What the Extension Actually Does

Three input types work right now: web images pulled from the browser, local image files, and local video files. Full online video extraction (think YouTube links) isn’t supported yet, so you’re working with files already on your machine. That’s a reasonable constraint for a first release, and local files are where most serious creative work lives anyway. Most reference material that actually matters to your workflow is already saved somewhere on your drive.

The extension runs entirely with your own Gemini API key, stored locally in the extension settings. Nothing goes to a third-party server. That’s a genuine privacy win compared to most tools in this space, where your reference material quietly ends up on someone else’s infrastructure. For anyone working with unreleased footage, client content, or competitive research, that distinction matters more than most feature comparisons.

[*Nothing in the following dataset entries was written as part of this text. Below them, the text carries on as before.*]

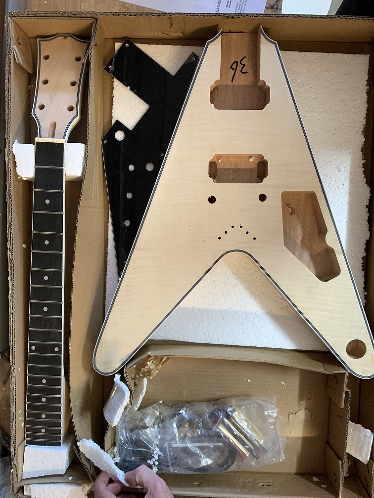So, after much deliberating I decided to do this custom kit here with pitbull. It is not much different than the FV 1 G kit. The differences are, mahogany body and neck, dots no blocks, set neck, LP headstock, and finally ferrules rather than V plate. I didn't want the veneer, but somehow I failed to specify this specifically and got it anyway. Sadly, it is blistering already perhaps due to the tropics. Has anyone ever successfully removed the veneer? If so, I would love to know how it was done. Otherwise I am over the moon. See me go!
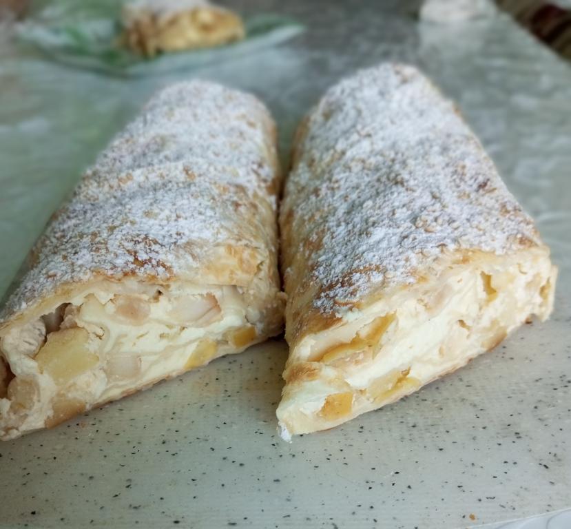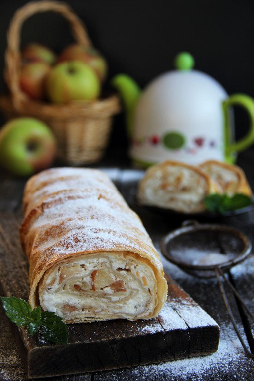 Штрудель из лаваша с творогом и яблоками
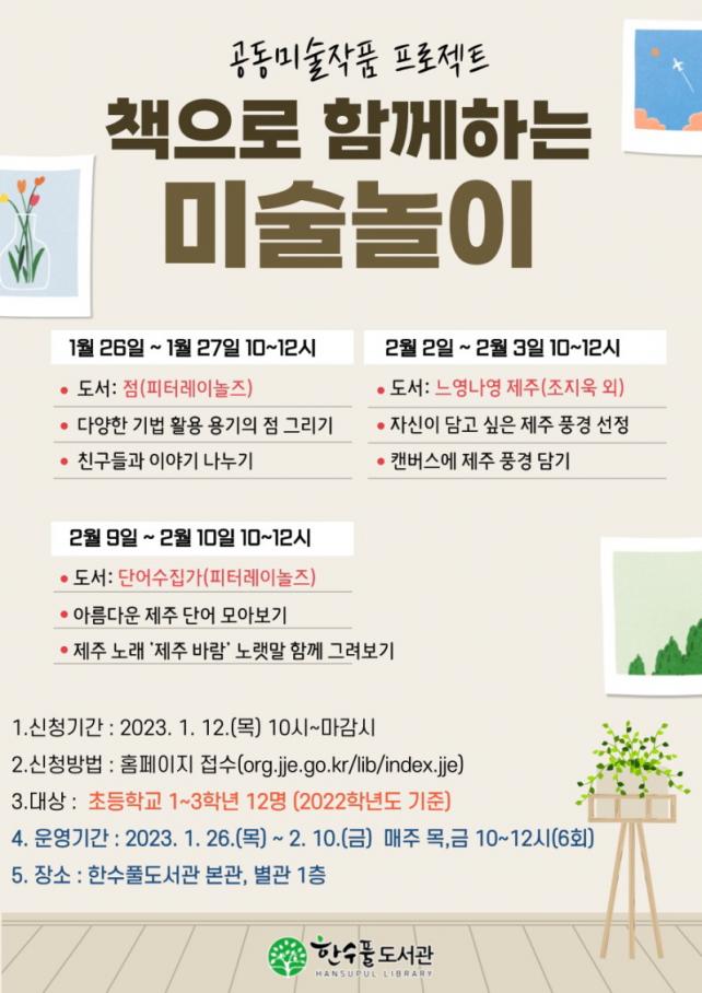 [½Ã»çÁ¾ÇսŹ® = °í¼º¹Î ±âÀÚ] ÇѼöÇ®µµ¼­°ü(°üÀå °í·ç½Ã¾Æ)Àº ¾î¸°À̵éÀÌ Ã¥ ¼Ó¿¡¼­ ´Ù¾çÇÑ ÁÖÁ¦¸¦ ã¾Æ³»°í À̸¦ ±×¸²À¸·Î Ç¥ÇöÇÔÀ¸·Î½á âÀǷ°ú »ó»ó·ÂÀ» Ű¿ï ¼ö ÀÖ´Â ±âȸ¸¦ Á¦°øÇϰíÀÚ¡®Ã¥À¸·Î ÇÔ²² ¸¸µå´Â ¹Ì¼ú³îÀÌ¡¯ÇÁ·Î±×·¥ Âü°¡ÀÚ¸¦ ¸ðÁýÇÑ´Ù.
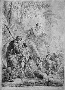 Kunz went to Bohemia and lived in the castle of Isenburg[7] until, on 7 July 1455, Kunz kidnapped Frederick's two sons, Ernest and Albert, from the castle of Altenburg in what was called the Prinzenraub (English: "The stealing of the princes").[8][9] Since Kunz never got to a position where he could demand ransom payments, it was presented that he planned and executed this desperate measure as revenge against Frederick II.[2] Prince Albert was rescued on the same night as the kidnapping, when Kunz was overwhelmed and captured by a charcoal burner.[2] Prince Ernst was released four days later when Kunz's accomplices released him in exchange for pardons.[10] On 14 July 1455 Kunz von Kaufungen was beheaded by order of Frederick at the marketplace of Freiberg.[2][9]
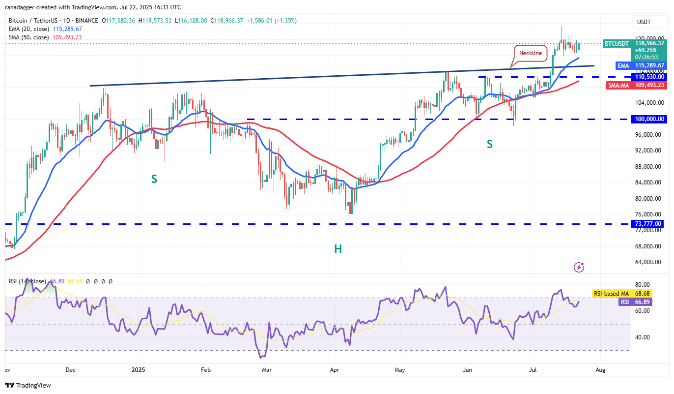 The upsloping 20-day EMA ($115,289) and the RSI in the positive zone signal that the path of least resistance is to the upside. If buyers kick the price above $123,218, the BTC/USDT pair could pick up momentum and surge to $135,729 and, after that, to the pattern target of $150,000.
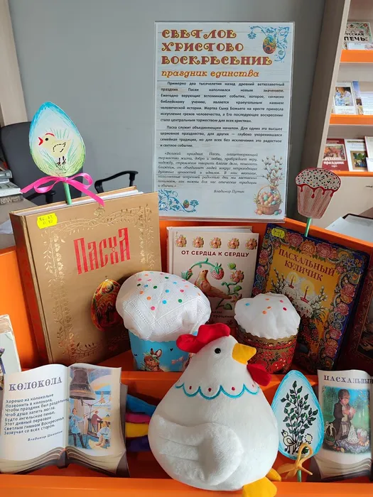 Дорогие друзья! На взрослом абонементе библиотеки работает выставка «Светлое Христово Воскресение: праздник единства», на которой представлена литература, посвящённая радостной и светлой Пасхе. Этот древний праздник, отмечающий воскрешение Иисуса Христа, является одним из самых значимых событий в православном календаре. Он символизирует победу жизни над смертью, света над тьмой, и дарит надежду на спасение и вечную жизнь.

The creative loop this enables is the interesting part. Most people work forward: write a prompt, generate something, adjust, repeat. That process puts all the descriptive burden on you upfront. PromptLab runs that backwards. Start from a finished visual reference, extract what its underlying prompt logic might look like, then generate from there. You’re not guessing at language anymore. You’re reading what a model would have needed to produce something close to what you’re holding. It’s a completely different way into the workflow, and it collapses the gap between ‘I know what I want’ and ‘I can communicate that to a model.’

Step-by-Step Workflow

  1. Install PromptLab directly from GitHub (free, open source, setup takes under 2 minutes). Clone the repo, load it as an unpacked extension in Chrome developer mode, and you’re running.
  2. 🎬 Load your source file: a web image, local image, or local video. For video, shorter clips with clear visual variety tend to produce richer prompts since there’s more for the frame extractor to work with across the timeline.
  3. 🔑 Enter your Gemini API key in the extension settings (stays in your browser, no separate account beyond a Google account for the API itself).
  4. ⚙️ For videos, the extension pulls key frames and sends them to Gemini for analysis. The model looks at composition, color grading, motion cues, and subject detail across multiple moments in the clip, not just one frozen frame.
  5. 📝 Get back a structured Seedance 2.0-style prompt, ready to paste into any video model. The output covers camera movement, visual style, subject description, and pacing in a format most modern video generators understand out of the box.

Pro Tips

  • The output is framed for Seedance 2.0, but the author confirmed the prompts are adjustable for other video generators like Kling or Hailuo. Think of it as a starting draft, not a locked format. A quick pass to add your specific subject or tweak the motion language and it slots cleanly into most generators without much rework.
  • The strongest use case is reference analysis. Drop a competitor’s ad, a viral clip, or a scene you want to recreate. Instead of describing it from memory, let the extension extract the visual structure for you. That alone cuts a lot of guesswork out of the creative process. For ad teams specifically, this turns every strong-performing reference video into a reusable prompt template, which is a workflow that previously required a dedicated prompt engineer or a painful amount of trial and error to get right.
  • The free Gemini API tier covers light usage. If you’re running batches of video files, keep an eye on your quota before it becomes a surprise. The Gemini Flash tier is generous for single clips, but batch processing will push you toward paid limits faster than you’d expect on a heavy session.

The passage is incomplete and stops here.